• _Problem to solve_: Every entry is to be returned as it stands, apart from the pictures.

*** Block opens ***

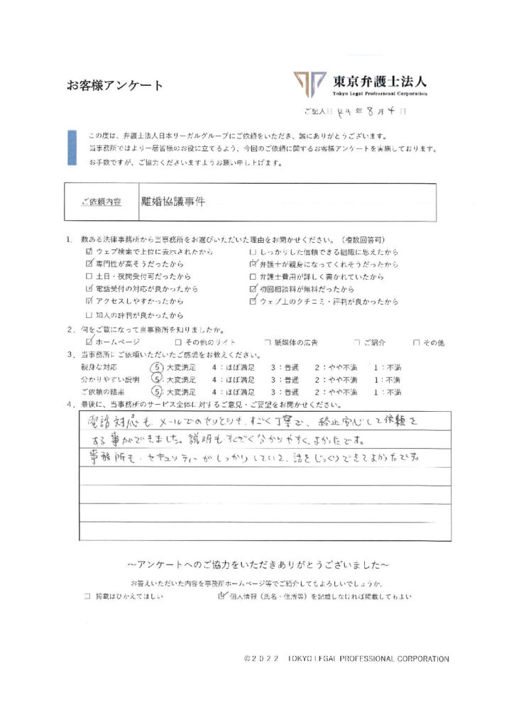 電話対応もメールでのやりとりも、すごく丁寧で、終止安心して依頼をする事ができました。説明もすごく分かりやすく、よかったです。事務所も、セキュリティーがしっかりしていて、話をじっくりできてよかったです。
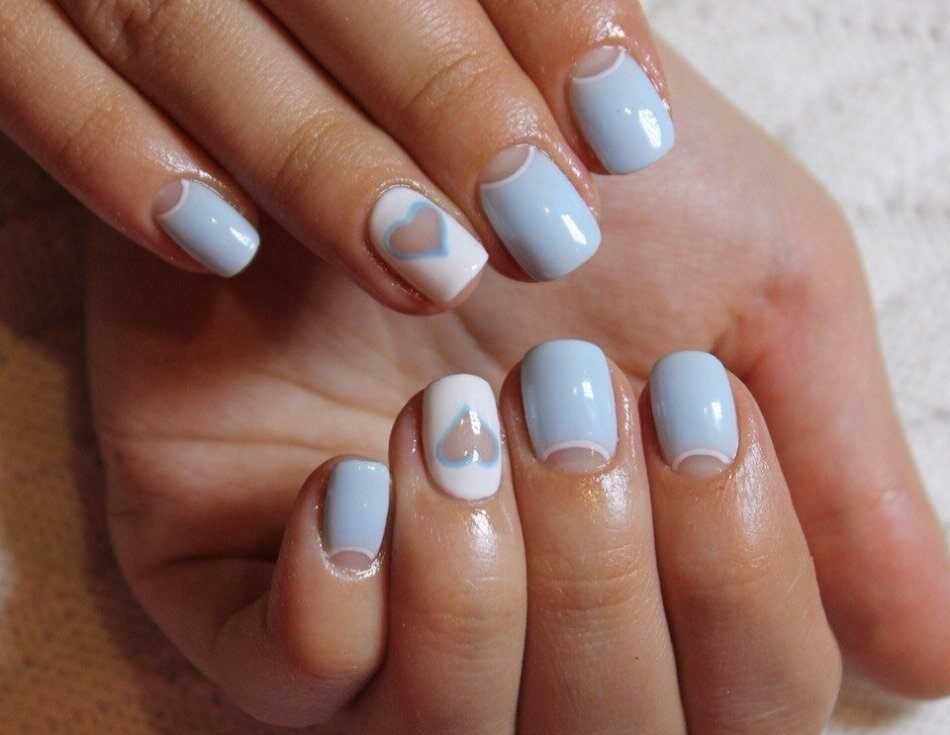 Французский и лунный маникюр с сердечками
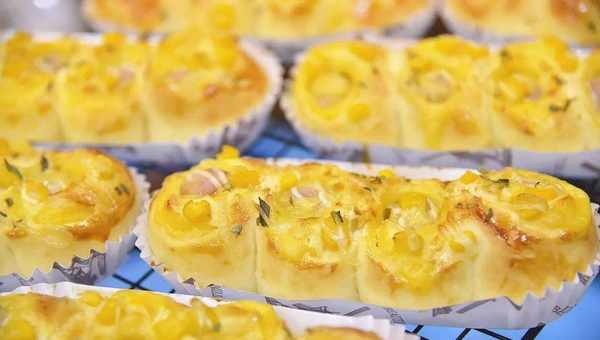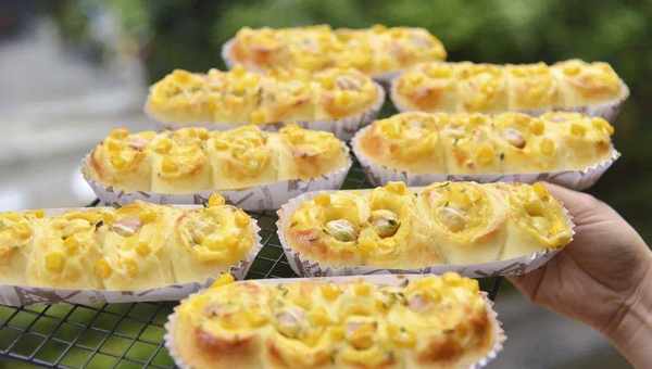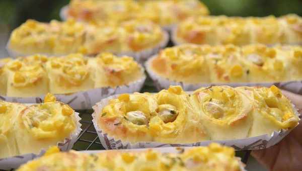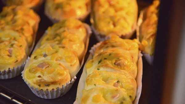 乍一看,金黄色面包好像盛开的四朵小花,小花里面有德式香肠,有芝士片,表面是颗颗玉米粒和点点干葱碎,还在烤箱里的时候就已经分外诱人了,喜欢吃咸口面包的小伙伴是不是已经开始咽口水了?
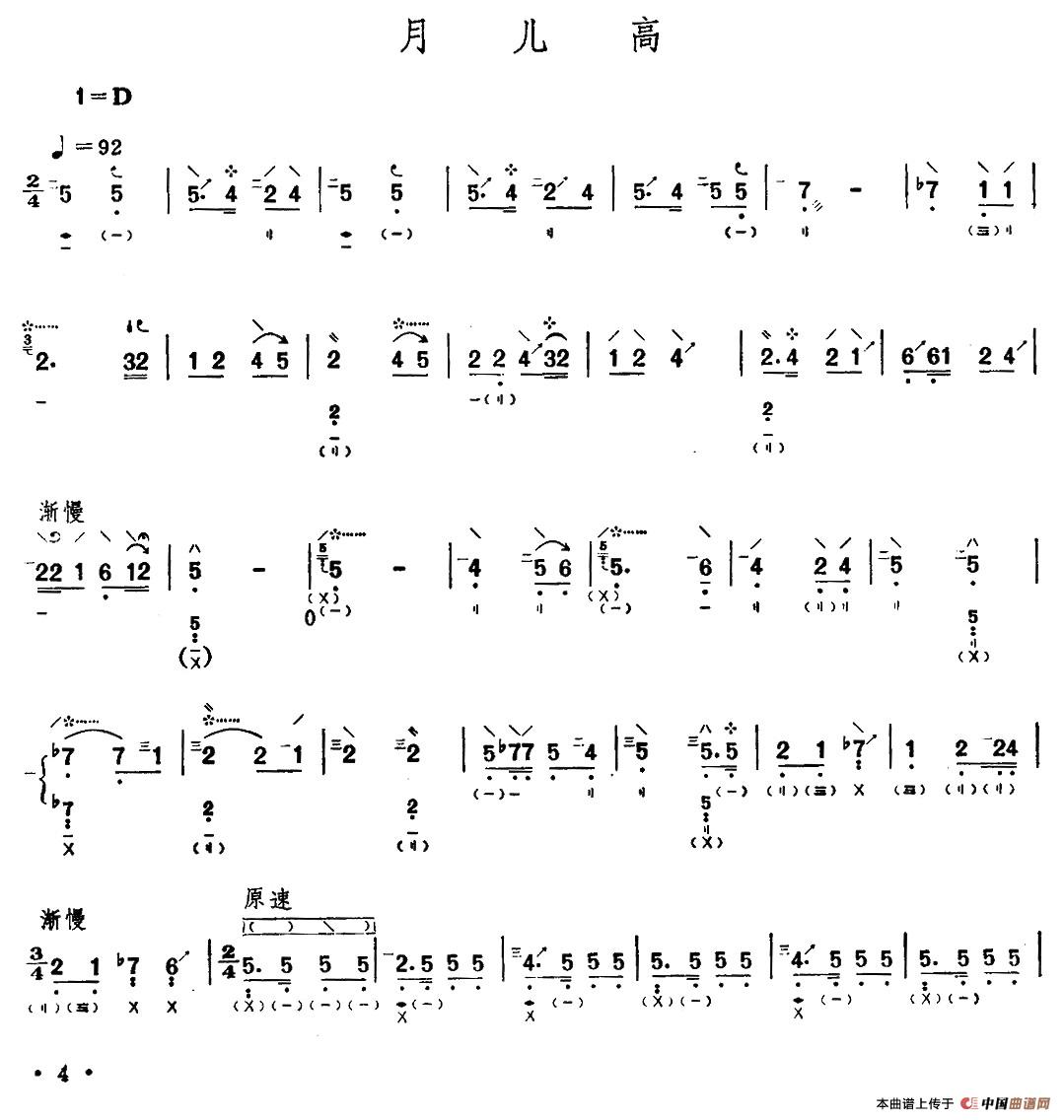 《月儿高》最早为套曲形式,由南北曲“月儿高”、“桂枝香”、“解三醒”、“玉抱肚”等七个曲牌组成,曲谱载于清嘉庆年间荣斋所编的《弦索备忘》中,是用琵琶、胡琴、三弦等乐器演奏的合奏谱。谱后有注云:“相传曰唐明皇游月宫闻记之音。”随后在华秋萍编辑的《琵琶谱》中也收录了它,但已去掉原曲牌名,而代之以“海岛冰轮”、“江楼望月”、“海峤踌蹰”等十二修养写景性的段落小标题,与现在通行的谱相同。建国以后,作曲家、指挥家彭修文又将其改编成合奏曲,保存了原曲的结构、旋律和风格,添加了二胡、箫等抒情乐器,使得乐曲更加细腻优美,音色更为柔。
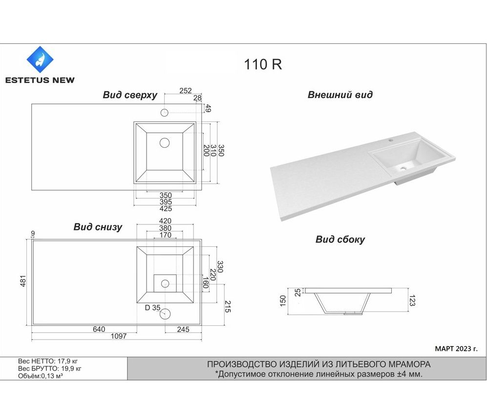 Раковина для мебели Style Estetus Даллас СС-00002393 правая 110 смРазмер(ШхГхВ): 110,2 х 48,2 х 14,5 см
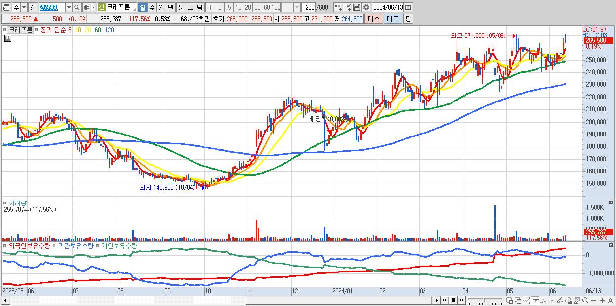 - 크래프톤 (265,500원 ▲ 0.19% , 시총: 127,143억, 외국인 순매수 거래금:267억)

*** Block closes ***

• _Written answer_:
 電話対応もメールでのやりとりも、すごく丁寧で、終止安心して依頼をする事ができました。説明もすごく分かりやすく、よかったです。事務所も、セキュリティーがしっかりしていて、話をじっくりできてよかったです。
 Французский и лунный маникюр с сердечками
 乍一看,金黄色面包好像盛开的四朵小花,小花里面有德式香肠,有芝士片,表面是颗颗玉米粒和点点干葱碎,还在烤箱里的时候就已经分外诱人了,喜欢吃咸口面包的小伙伴是不是已经开始咽口水了?
 《月儿高》最早为套曲形式,由南北曲“月儿高”、“桂枝香”、“解三醒”、“玉抱肚”等七个曲牌组成,曲谱载于清嘉庆年间荣斋所编的《弦索备忘》中,是用琵琶、胡琴、三弦等乐器演奏的合奏谱。谱后有注云:“相传曰唐明皇游月宫闻记之音。”随后在华秋萍编辑的《琵琶谱》中也收录了它,但已去掉原曲牌名,而代之以“海岛冰轮”、“江楼望月”、“海峤踌蹰”等十二修养写景性的段落小标题,与现在通行的谱相同。建国以后,作曲家、指挥家彭修文又将其改编成合奏曲,保存了原曲的结构、旋律和风格,添加了二胡、箫等抒情乐器,使得乐曲更加细腻优美,音色更为柔。
 Раковина для мебели Style Estetus Даллас СС-00002393 правая 110 смРазмер(ШхГхВ): 110,2 х 48,2 х 14,5 см
 - 크래프톤 (265,500원 ▲ 0.19% , 시총: 127,143억, 외국인 순매수 거래금:267억)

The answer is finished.